MiniMax-Remover – An AI-based video object removal method that achieves high-quality removal results

What is MiniMax-Remover?

MiniMax-Remover is a novel video object removal method designed to address common issues in existing technologies such as hallucinated objects, visual artifacts, and slow inference speed. It adopts a two-stage approach:

Stage 1 utilizes a simplified version of the DiT (Diffusion in Time) architecture by removing text inputs and cross-attention layers, resulting in a more lightweight and efficient model.
Stage 2 applies a minimax optimization strategy to distill the model, identifying adversarial noise and training it to generate high-quality results under these challenging conditions.

The method requires only 6 sampling steps and does not rely on classifier-free guidance (CFG), enabling state-of-the-art video object removal with significantly improved inference efficiency.

Key Features of MiniMax-Remover

Efficient Video Object Removal: Leveraging a two-stage design, the first stage uses a streamlined DiT architecture without text inputs or cross-attention, yielding a faster and leaner model.

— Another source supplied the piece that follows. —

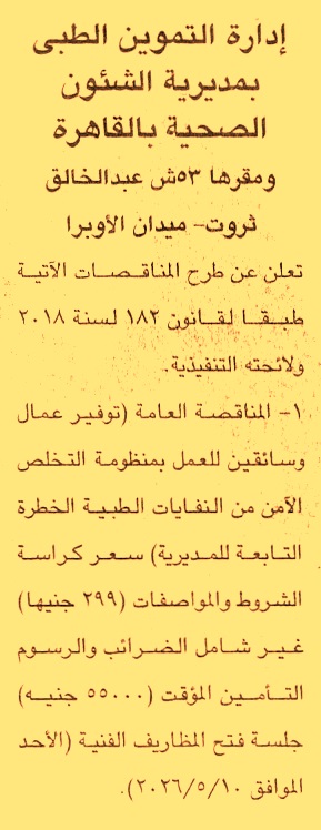 توفير عمال وسائقين للعمل بمنظومة التخلص الأمن من النفايات الطبية الخطرة التابعة للمديرية

The second stage uses minimax optimization to distill the remover and enhance editing quality and inference speed.
Fast Inference: With only 6 sampling steps and no reliance on CFG, the method achieves cutting-edge video object removal performance while drastically improving speed.
High-Quality Removal Results: By using an internal maximization step to identify adversarial input noise and an external minimization step to train the model under these conditions, MiniMax-Remover avoids hallucinated objects and visual artifacts, ensuring robust and reliable performance.

Technical Principles of MiniMax-Remover

Stage 1: Model Architecture Optimization
MiniMax-Remover first adopts a simplified DiT (Diffusion in Time) architecture, removing text inputs and cross-attention layers to create a more lightweight and efficient model. The goal is to reduce model complexity and boost inference speed while maintaining core video object removal capabilities.
Stage 2: Minimax Optimization
Building on the first stage, the model is further distilled using a minimax optimization strategy to improve editing quality and inference speed. This involves:
- Internal Maximization: Identifying adversarial input noise (“bad noise”) that may cause removal failures. These noises simulate worst-case scenarios to help the model learn to handle such challenges.
- External Minimization: Training the model to generate high-quality results even under these adversarial conditions. This allows the model to maintain strong performance in worst-case scenarios.

Project Website

Official Website: https://minimax-remover.github.io/

Application Scenarios of MiniMax-Remover

Film and TV Post-production: In the post-production of movies, TV shows, and commercials, MiniMax-Remover can quickly and reliably remove unwanted elements such as misplaced props, extra actors, or logos—greatly reducing time and cost.
Video Content Creation: For content creators, MiniMax-Remover helps remove distracting elements (e.g., background people, billboards), resulting in cleaner, more professional videos and enhanced viewer experience.
Video Restoration and Enhancement: In the restoration of old or damaged videos, the tool can remove defects or blemishes, improving clarity and completeness.
Visual Effects Production: As a preprocessing tool in VFX workflows, MiniMax-Remover can clear original elements from footage, providing a clean canvas for adding new visual effects.